Joindre l’utile à l’agréable

Rencontres chorégraphiques de Carthage – «Biped» et «Pond Way», chorégraphies de Merce Cunningham

Programmer des projections de films de danse est apparemment une nouvelle fantaisie de la 9e session des Rencontres chorégraphiques de Carthage. Une fantaisie que l’on apprécie malgré tout. Jeudi dernier, sur l’écran du 4e Art, on a diffusé deux films ,«Biped» et «Pond Way», chorégraphies de Merce Cunningham, l’un des créateurs les plus influents et les plus novateurs du XXe siècle, décédé à l’âge de 90 ans, le 27 juillet 2009.

Prévoir un spectacle vivant de la compagnie Cunningham aurait été, sans aucun doute, irréalisable. Pour lui rendre hommage, on ne peut que se contenter d’une copie, hélas de mauvaise qualité, mais qui sert quand même à donner une idée sur le travail assez particulier de Merce Cunningham, considéré comme le pape de la danse contemporaine américaine de ces trente dernières années.

«Biped» est un croisement d’images numériques mouvantes qui sont projetées à l’avant d’une scène noire sur laquelle des danseurs exécutent une partition chorégraphique. A travers une superposition d’images, le mouvement donne l’impression de s’allonger jusqu’à sortir de son cadre et se poursuivre dans une atmosphère complètement différente. Les danseurs semblent glisser à travers les lieux et les espaces, faisant un va-et-vient entre des lieux urbains et les scènes sombres.

Le deuxième film, «Pond Way», est une pièce créée parmi 200 œuvres chorégraphiques, signées par  Cunningham. Elle est le fruit d’une rencontre spéciale entre ce concepteur hors norme et Brian Eno, figure emblématique de la musique électronique. «Pond Way» est une pièce «d’une force figurative rare chez cet artiste de l’abstraction. Elle transcrit dans les corps la vie qui grouille à la surface d’un étang vert», selon une présentation. Cette pièce unique  a été filmée au studio de Mulhouse par le réalisateur fétiche de Cunningham, Charles Atlas.

On a vu comment les gestes épousent pour la première fois les notes et comment cette rencontre hasardeuse entre la danse et la musique peut créer la magie du mouvement. L’ordre des phrases de danse, l’entrée en scène des danseurs, la succession des séquences de musique sont soumis au hasard. Pour Cunningham, la danse n’est pas un vecteur d’émotion mais une source de beauté inédite. Le chorégraphe exploite le moindre mouvement et  cherche la musicalité interne d’un corps, habité par une énergie diabolique.

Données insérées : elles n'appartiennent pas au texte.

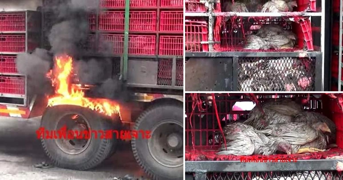 รถพ่วงบรรทุกไก่ เบรกติดไฟลุกไหม้ล้อ ย่างสดไก่เป็น ๆ ตายกว่า 200 ตัว
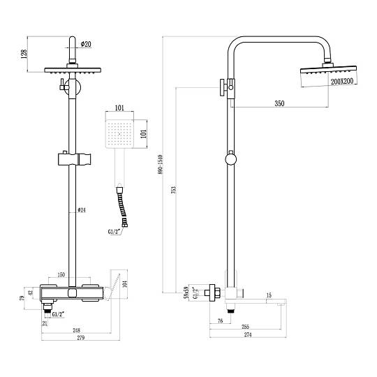 Верхний душ, душевая штанга с держателем лейки, ручной душ, смеситель, шланг
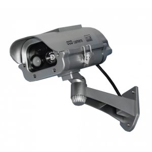 This is a bullet style IR Dummy Camera. It has a constant flashing red LED light. It’s realistic looking can be mounted just about anywhere. It has an easy adjusting bracket so it sets up in minutes.
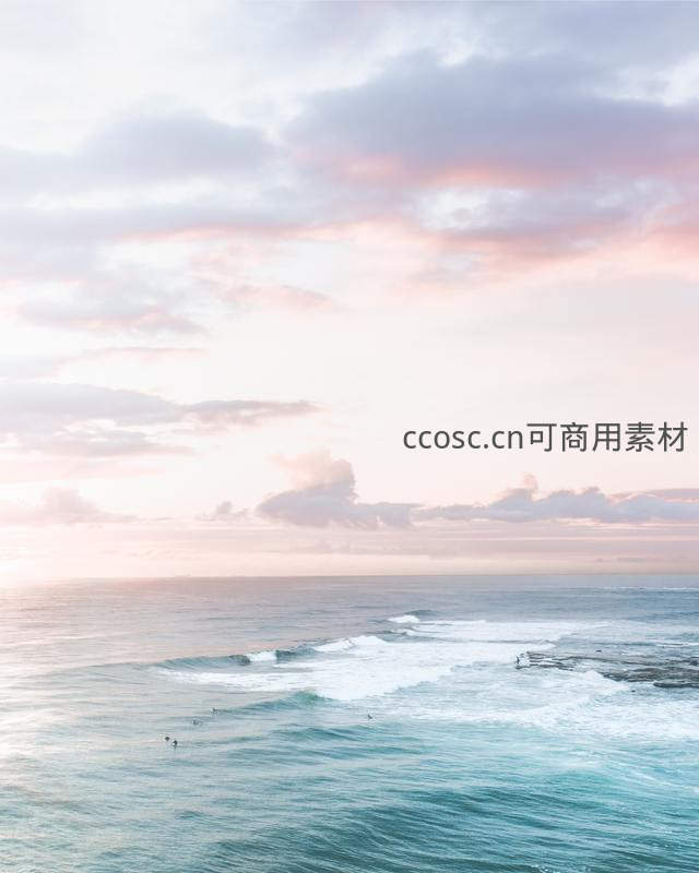 黄昏时分,天空被染成柔和的粉紫色,云层如薄纱般铺展。海面上波浪翻涌,几位冲浪者点缀其间,享受着大自然赋予的宁静与动感时刻。
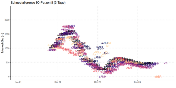 Après une journée assez ensoleillée, les précipitations annoncées ont commencé le samedi soir 21 décembre à partir du nord-ouest. La limite des chutes de neige est d'abord montée d'environ 1000 m à près de 2000 m (les observateurs ont même signalé une limite des chutes de neige à 2400 m dans l'ouest). Le dimanche, elle est ensuite rapidement descendue jusqu'à basse altitude (cf. figure 1), où elle est restée jusqu'à la fin des précipitations le mardi 24 décembre.
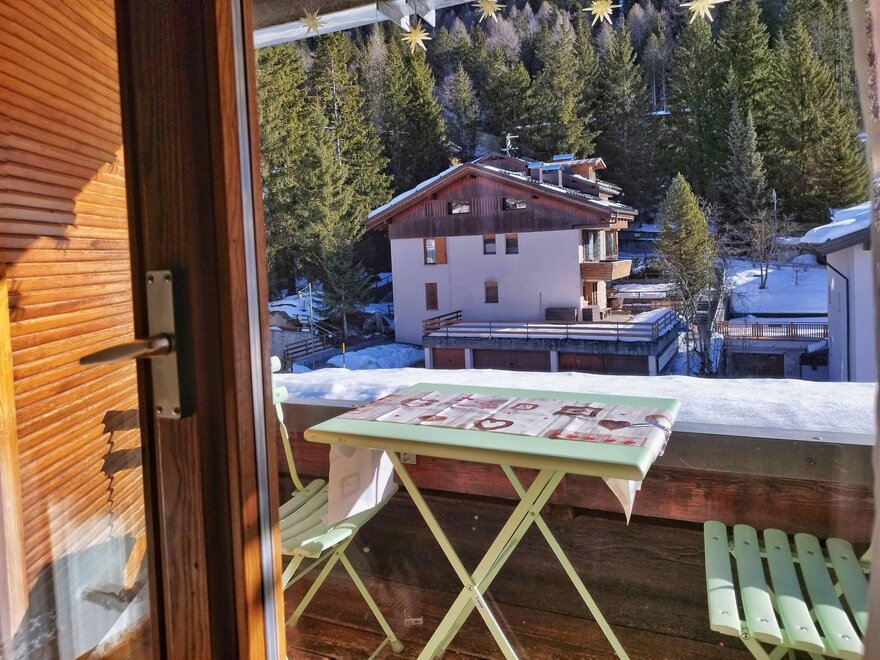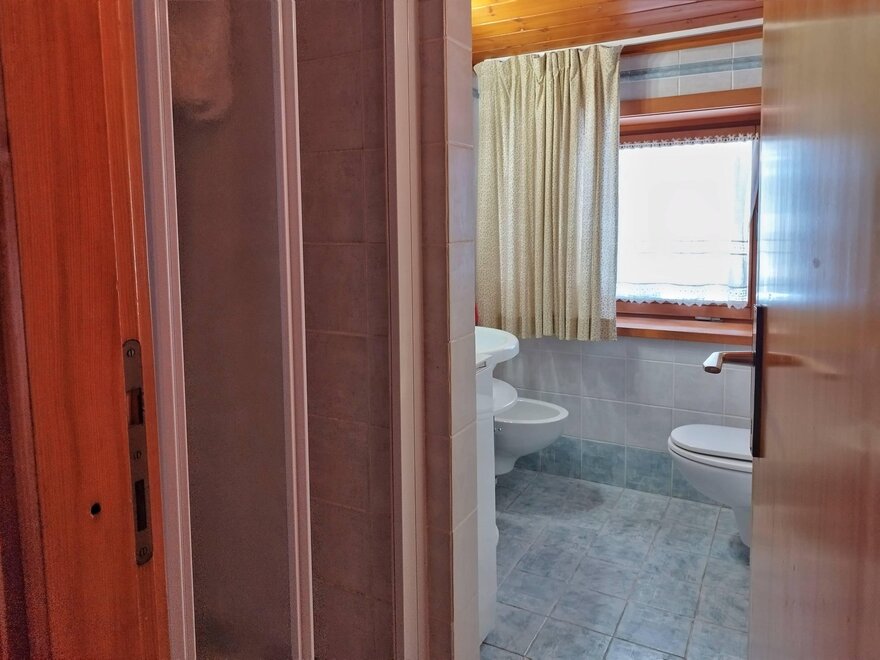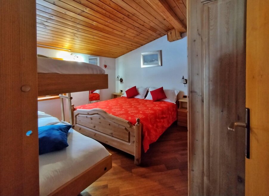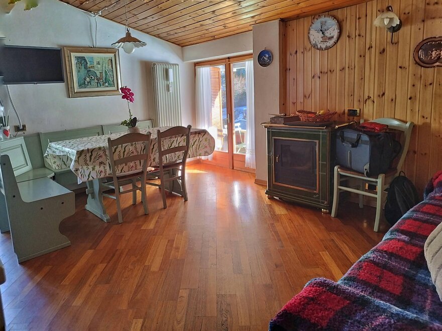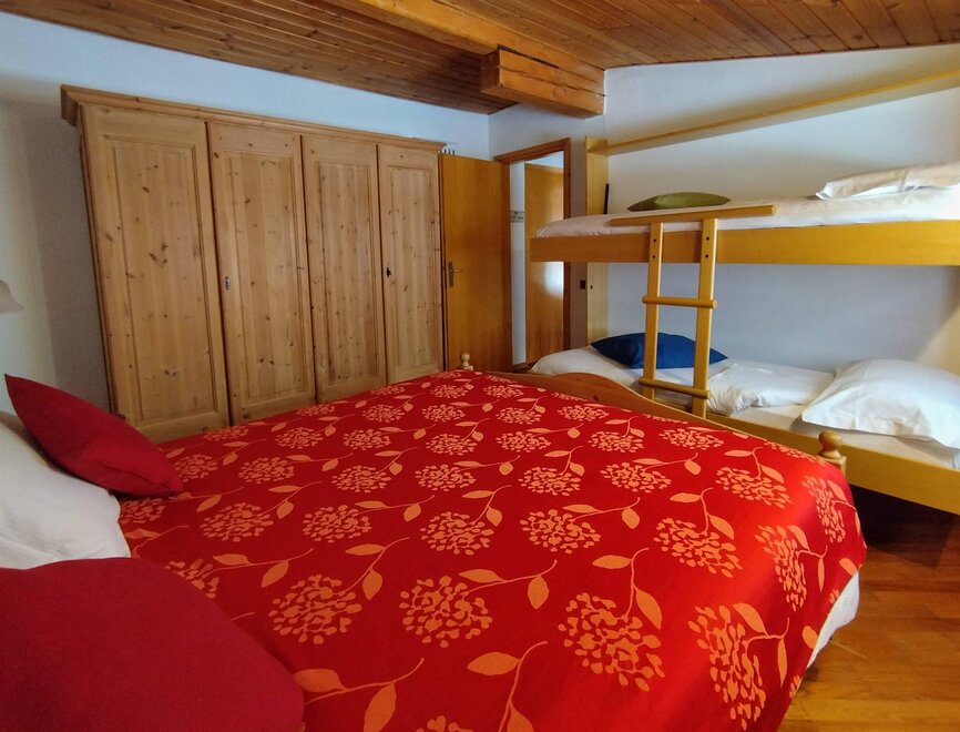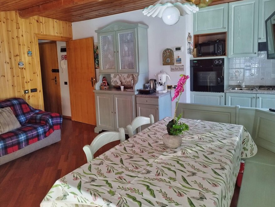 Zwei-Zimmer-Wohnung im dritten Stock, bestehend aus Küche mit Wohnzimmer mit Schlafcouch, Doppelzimmer mit Etagenbett, Bad mit Dusche.
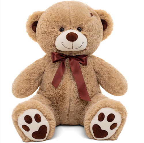 Кофейный плюшевый средний мишка имеет высоту 110 см., в сидячем положении 60 см.
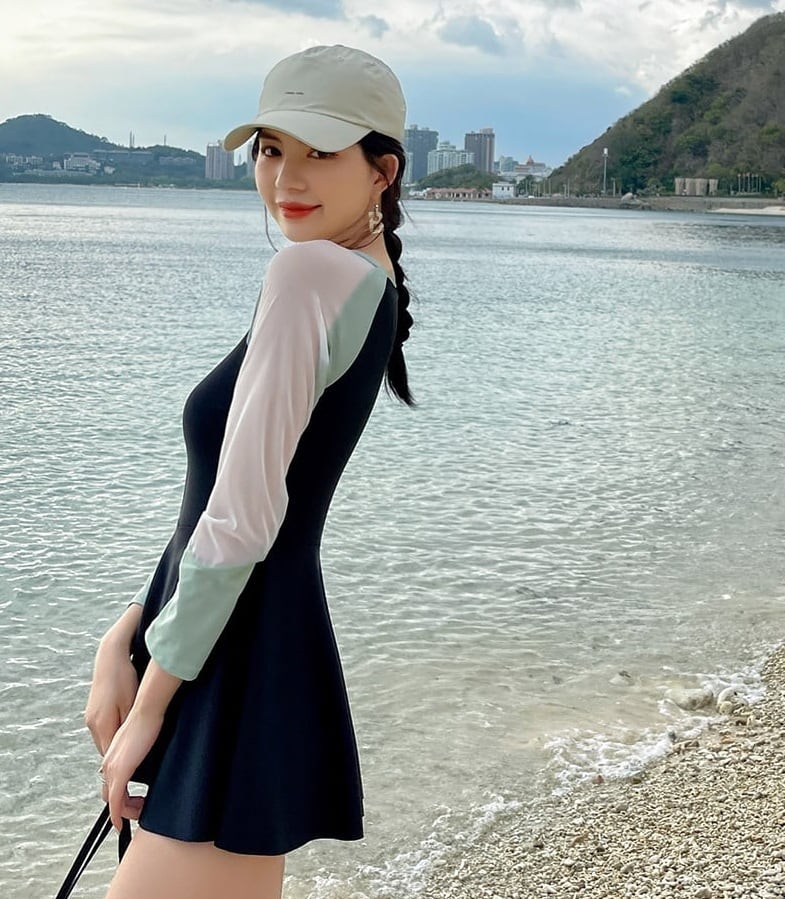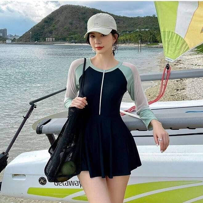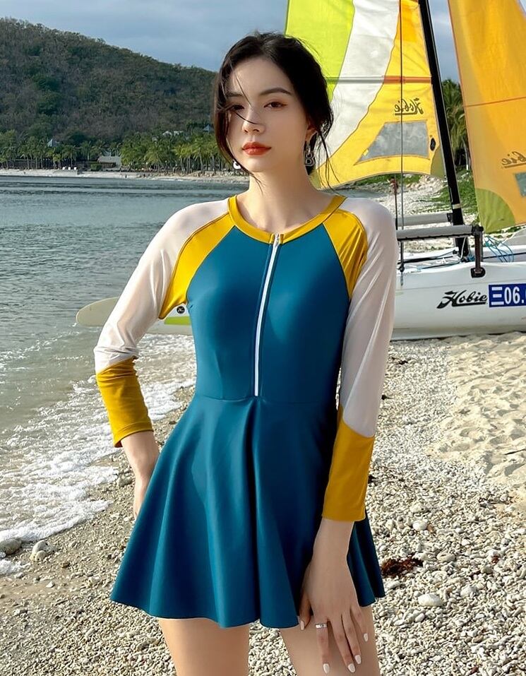 【送料無料】レディース 水着 ワンピース ラッシュガード付き ハーフジップ 長袖 スポーティー フレアスカート 大人可愛い ママコーデ ママファッション 韓国 オルチャンファッション 人気 トレンド 新作 20代 30代 40代 スイムウェア 体型カバー ハイウエスト 大きいサイズ 可愛い ぽっちゃり パレオ パッド付き 小胸 UVカット カジュアル フェミニン セクシー リゾート 旅行 海 プール ママ水着 海水浴 夏 CO3651
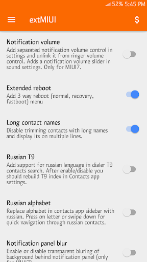 새로운 기능 extMIUI [Xposed] 1.5.0
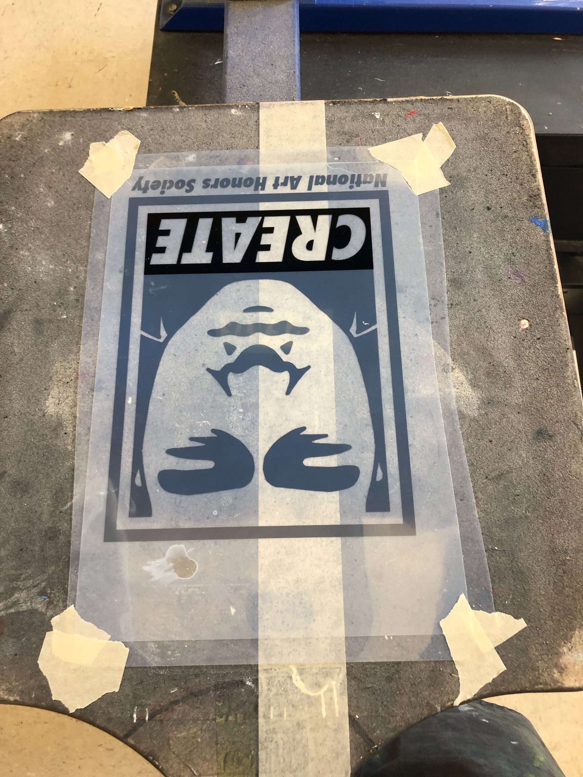 Cleaning is very important but, not going to lie, it sucks. First take the tape off and then wipe off as much of the ink as you can with paper towels making sure you be careful you don’t get it all over what is under the screen. I suggest you wear gloves because it will stain your hands. Before you spray the ink with the ink cleaner you have to remove the emulsion because the chemical that is used to get rid of the ink actually seals the emulsion onto the screen (this can be helpful sometimes though). Use the “engine cleaner” on the bottom of the screen with a sponge to remove it. The longer the emulsion has been on the screen, the harder it is to get off. Once the emulsion is gone you can use the screen opener to get the remaining ink off. Go outside for this and consider wearing a mask, because this stuff is gnarly. Then you should have a clean screen ready for reuse.
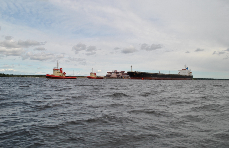 När vi bytt bränsleslang så fick vi igång motorn igen. På väg till hamnen i Lövskär, passerade vi detta Bulkfartyg som assisterades av alla tre bogserbåtar

«La danse ne vous donne rien en retour, ni manuscrit à vendre, ni peinture à mettre sur les murs, ni poème à imprimer, rien que cette sensation unique de se sentir vivant», a confié un jour Merce Cunningham au Figaro. Chez nous, cet hommage le ravive pour la première fois et donne la possibilité à un public non connaisseur de découvrir et d’apprécier ce géant de la danse.

C’est dans ce sens que ces projections rejoignent l’utile à agréable. Mais il fallait réfléchir peut-être, dans les sessions à venir, à une meilleure exploitation de ce créneau important.